L’un des aspects qui intéresse de plus en plus les spécialistes est la linguistique de corpus. Les linguistes arabophones (et arabisants) sont conscients de l’importance du corpus dans le travail sur la langue. Pour cette raison, nous constatons que la langue arabe fait maintenant partie de plusieurs systèmes de stockage et de traitement de la langue comme SketchEngine (Arts et al. 2014) pour l’ASM et ALC (Arabic Learner Corpus) (Alfaifi et al. 2014) pour l’apprentissage de l’ASM, The Living Arabic Project et Database of Arabic

Dialects pour la langue arabe parlée (les variantes régionales). Notre travail s’inscrit dans mouvement cherchant à rendre disponibles des ressources linguistiques en ASM.

2.3.1 La question de la translitération

La question de la translitération est d’une importance capitale en raison du fait qu’un certain nombre d’outils de traitement automatique de l’arabe s’appuient sur des textes arabes translittérés. Dans cette sous-section, nous abordons cette question brièvement sous deux angles : le point de vue adopté dans notre travail et les outils de traitement.

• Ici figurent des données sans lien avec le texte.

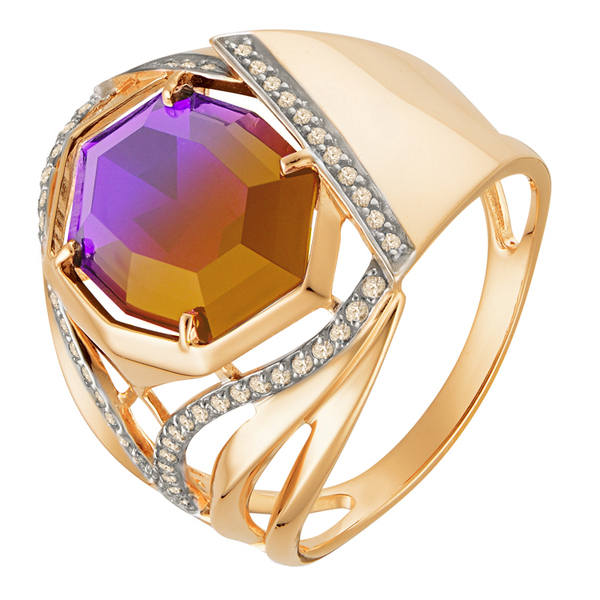 Изысканное золотое кольцо, в центре которого многогранный камень - синтетический аметрин, дополненный сияющей инкрустацией бежевыми фианитами. Плавные золотые линии обвивают камень, создавая эффект движения и лёгкости. Эффектное и женственное кольцо для тех, кто любит нестандартную роскошь.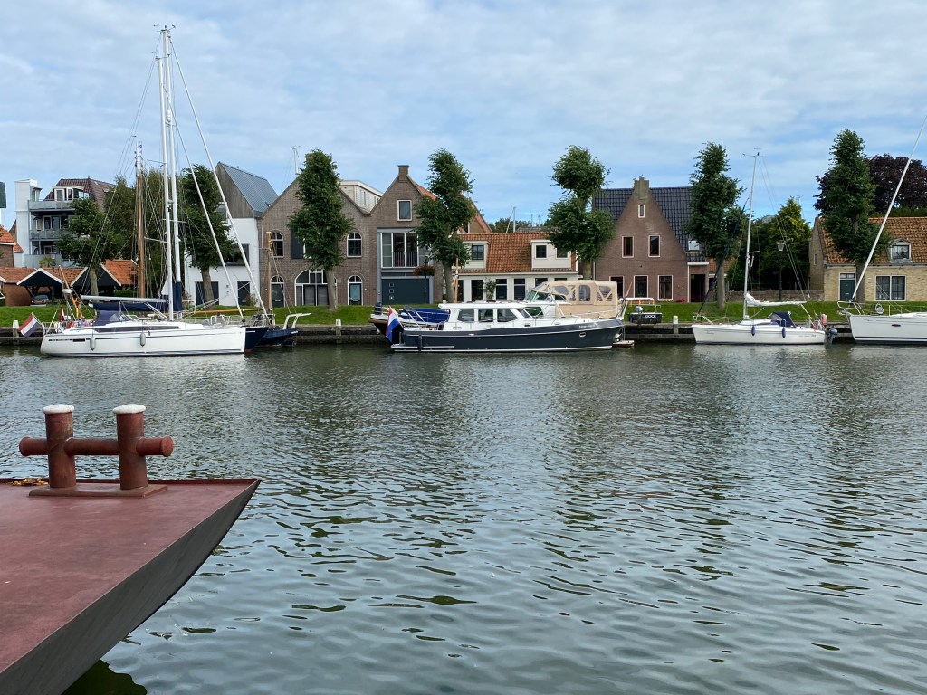 Hoe anders was ons laatste tochtje met de Nine Marit. Van Stavoren naar Medemblik genoten we van een zwak windje vanuit het zuidwesten op het IJsselmeer, waar we allebei haast meditatief de ruimte en het wijde water op ons lieten inwerken. Een mooie oversteek en een prettige ontvangst in de Oosterhaven waar we langszij een Grouwstervlet konden afmeren. De volgende morgen zou de wind eveneens zwak uit het zuidwesten waaien. Daar gingen we vanuit. Pas in de avond zou de wind toenemen. Vroeg vertrekken was onze conclusie. Toen we de haven verlieten en dezelfde koers in omgekeerde richting aanhielden bleek er wat mis te zijn. Meer wind dan de dag ervoor, en niet uit het zuidwesten maar uit het zuidoosten. Met een koers naar het noordoosten betekent dat voor Nine Marit rollen op de inkomende golven van opzij. Zo mooi op één oor met de Crabber mist onze motorboot een steuntje van een zeil. De truck is, zoals de meeste motorboot-vaarders wel weten, schuin in de golven of schuin vanaf de golven varen. Het was een hobbelige schommel-tocht, niet aangenaam en zeker niet geschikt om meditatief naar buiten te staren. Van koers veranderen met een hoek van 90 graden betekent goed vasthouden en het ritme van de golven volgen om op een rustig moment zo snel mogelijk naar de gewenste koers te draaien. Klinkt misschien wel wat dramatisch, is het niet, alleen wat ongemakkelijk. Ons schip valt niet om en de bloemen en de olielamp in de kajuit hadden we vrij snel verhuisd naar de gootsteen in de keuken. Toen we na deze kruis-tocht de sluis van Stavoren binnen voeren, was het leed snel vergeten. De korte golfslag op het IJsselmeer is niet te vergelijken met de golfslag op de Oostzee. De zee is daar veel dieper en levert daardoor langere golven. De bewegingen van het schip gaan wat geleidelijker en zijn daarom aangenamer.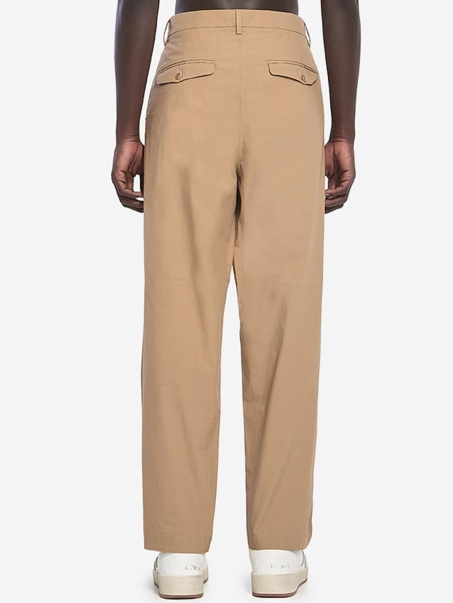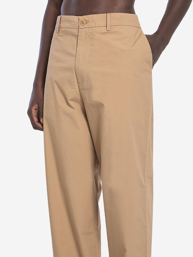 Canasta Vion mid-rise trousers in khaki stretch cotton poplin. They feature a button and zip closure, belt loops, two side pockets, two back flap

Pour ce qui est de notre travail, les exemples sont tous présentés sous trois formes : forme translittérée, caractères arabes et traduction française. Il existe pour la langue arabe plusieurs systèmes de translitération. Nous mentionnons à titre d’exemple le système de translitération fondé sur la norme DIN-31635. Ce système comporte un nombre élevé de caractères spéciaux, comme ṯ pour ث, ğ pour ج, ḥ pour ح et ḫ pour خ. Cela complique la rédaction, puisque ces caractères ne sont pas accessibles directement sur le clavier. Un autre système est celui adopté dans l’Encyclopédie de l’Islam (Bearman et al. 2002). Dans ce système, nous remarquons l’utilisation des digrammes. Ces digrammes indiquent qu’il s’agit d’une translitération d’une seule lettre en arabe et non pas deux, comme kh pour خ et sh pour ش.

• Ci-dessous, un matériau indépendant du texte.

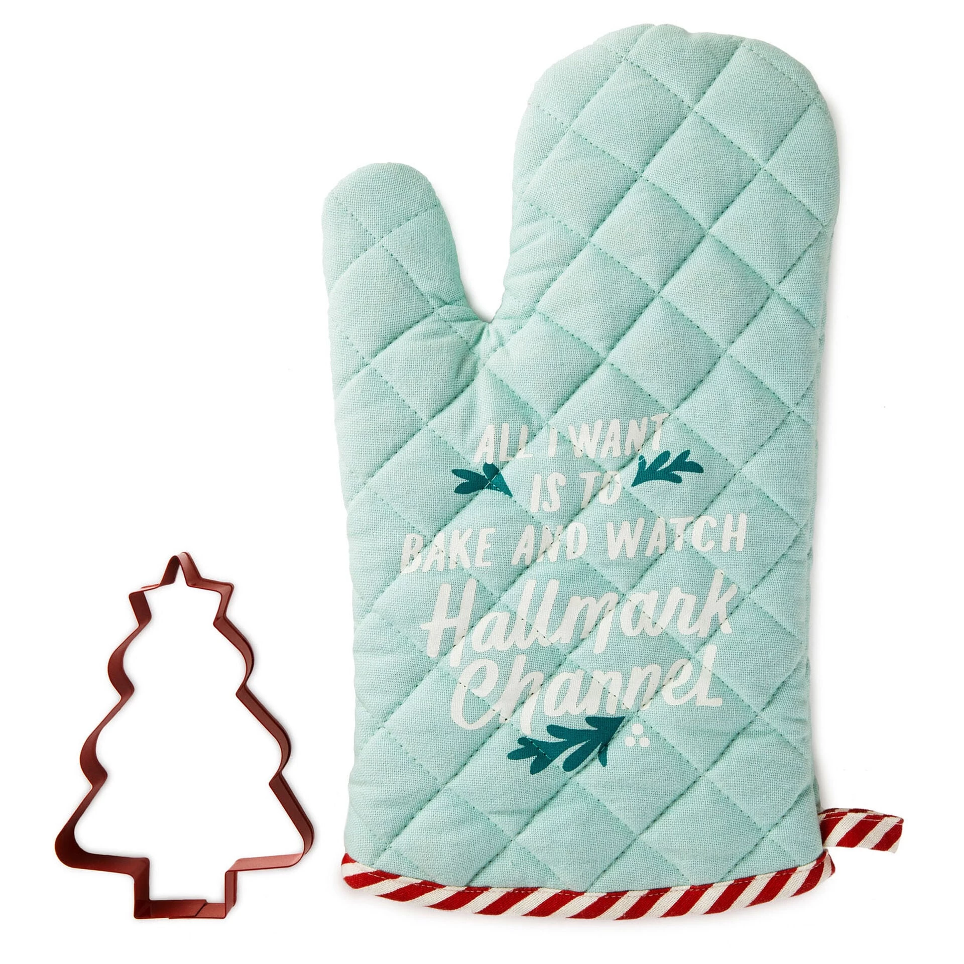 - Hallmark Channel gift set includes a mint green oven mitt peppermint stripe trim and a fun message plus a coated metal Christmas tree-shaped cookie cutter.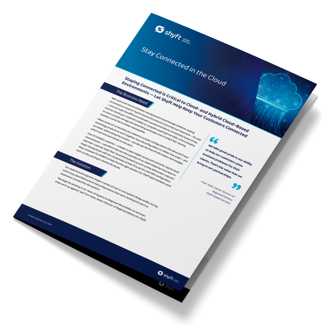 Many companies rely on cloud environments today, so connectivity issues can be damaging to business success. A leader in data management for hybrid cloud environments was experiencing connectivity issues that impaired employee performance. Together with the experienced engineers of a trusted IT deployment services partner, they were able to implement solutions to improve long-term performance and stability.

Dans notre cas, nous avons adopté le système Buckwalter (voir la table de Translitération au début de la thèse). La raison pour ce choix est que ce système est largement utilisé dans la communauté linguistique.

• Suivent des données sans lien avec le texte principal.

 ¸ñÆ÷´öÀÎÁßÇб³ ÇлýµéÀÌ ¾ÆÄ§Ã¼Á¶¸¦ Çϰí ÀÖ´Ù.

En ce qui concerne les outils de traitement, les outils de traitement automatique de l’arabe se basent généralement sur la translitération Buckwalter (Habash et al. 2007). Habash et al. (ibid. : 15) constatent que :

The Buckwalter Arabic transliteration [2] is a transliteration system that follows the standard encoding choices made for representing Arabic characters for computers. The Buckwalter transliteration has been used in many publications in natural language processing and in resources developed at the Linguistic Data Consortium (LDC). The main advantages of the Buckwalter transliteration are that it is a strict transliteration (i.e., one-to-one) and that it is written in ASCII characters.

Ce système est particulièrement intéressant puisqu’il n’emploie pas des caractères spéciaux que l’on ne trouve pas sur les claviers (par exemple ô, ‘ et –). Toutefois, lorsque ce système est utilisé, il faut reconvertir les textes en caractères arabes pour les lire. Dans la section 3.2, nous abordons la question de la translitération dans les ressources lexicales de l’ASM et nous montrons comment ces ressources utilisent la translitération Buckwalter.